Friday, November 18, 2011

Los Muertos

Weather can ruin your whole day.

We got out of Cabo San Lucas early one morning because the forecast said a ‘norther’ weather system would move down the Sea of Cortez the following day.  The boats that made the trip to Los Frailes the day after us got hammered.  The weather kept us pinned down at anchor behind a mountain for five days.  On the sixth day, we made a sweet passage to Ensenada de los Muertos.

Los Muertos is a nice little anchorage well protected except from the east and southeast.   After a good night’s sleep, we went for a long walk on the beach and ate lunch at the cantina.

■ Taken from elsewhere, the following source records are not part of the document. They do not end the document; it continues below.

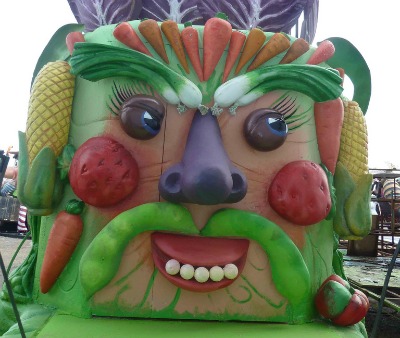 There’s a giant falafel, an enormous hamburger, a huge schnitzel and cartoon characters laden with food. This year’s theme, Tastes of Childhood, also includes Peter Pan covered in ice cream cones, Popeye eating spinach, and a giant’s face made of fruit and vegetables.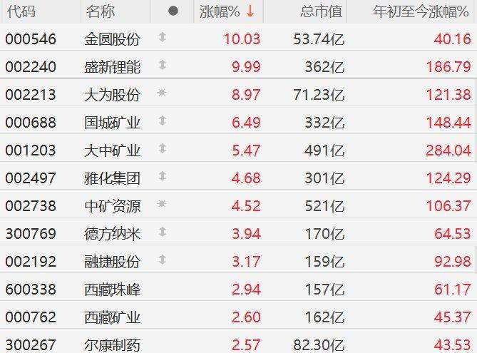 格隆汇11月18日|A股市场锂矿股继续上涨,其中,金圆股份(000546)、盛新锂能涨停,大为股份涨近9%,国城矿业(000688)涨超6%,大中矿业涨超5%,雅化集团(002497)、中矿资源(002738)涨超4%。消息面上,碳酸锂期货主力合约涨超4%,现报96560元/吨。
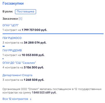 Как оказалось, не только через ЦСП компанию "Олимп" активно "подогревали" из бюджета. В целом с ООО было подписано 12 госконтрактов на общую сумму 1,84 млрд рублей, среди заказчиков, помимо уже двух названных, были департамент спорта Южно-Сахалинска (три контракта на 1,2 млн рублей), спортшкола "Сахалин" (четыре - на 3,1 млн рублей), региональный центр оценки качества образования Сахалина (три - на 34,2 млн рублей).

On the dinghy ride home we noticed that the winds had increased and the seas were building.  It was a wet ride.  To make matters worse, the wind and waves were coming from the east, pushing the boats at anchor toward the beach.  It was a bad scene.  We sat in the cockpit for hours making sure that the anchor was holding and monitoring wind speed and direction.  There was no improvement as daylight faded, so we stowed gear and prepared for a quick escape.  Just one problem, it was way too rough to get the dinghy back on board and towing in these conditions is a bad idea.  Getting the engine off and hoisted to the rail in four to six foot waves would be risky.  Pulling the dinghy on deck with a halyard in twenty knots of breeze would be like flying a kite.  We waited and hoped for the best.  Several boats raised anchor and got out of town, but so long as our anchor was holding we thought it best to stay put.  No sense trying to find our way into a strange new place in the dark if we don’t have to.  The good news came about 2100 when the winds lightened up considerably and shifted to the southwest.  Boats were no longer headed for the beach.  The bad news was that the waves to continued coming from the east.  The dinghy got stowed and we dreaded a sleepless night with wild rolling from side to side.  We radioed our friends Rick and Roseanna on Tension Reliever to discuss an exit strategy.  The plan was to take off in the morning at 0400 thereby catching the flood current that would speed us along to La Paz

Making great time with the current, we had covered more than forty miles by late morning.  As we neared La Paz, the flood ended and we decided to avoid navigating the tight and unfamiliar La Paz channel against an ebb tide.  We tucked into Balandra Cove, a beautiful little place ten miles short of our destination.  The Los Muertos experience seemed far away.  Trisha went below to read her book and I enjoyed a cigar in the cockpit.  Things were swell.  Suddenly, I felt a sprinkle of precipitation.  But this is the dry season?!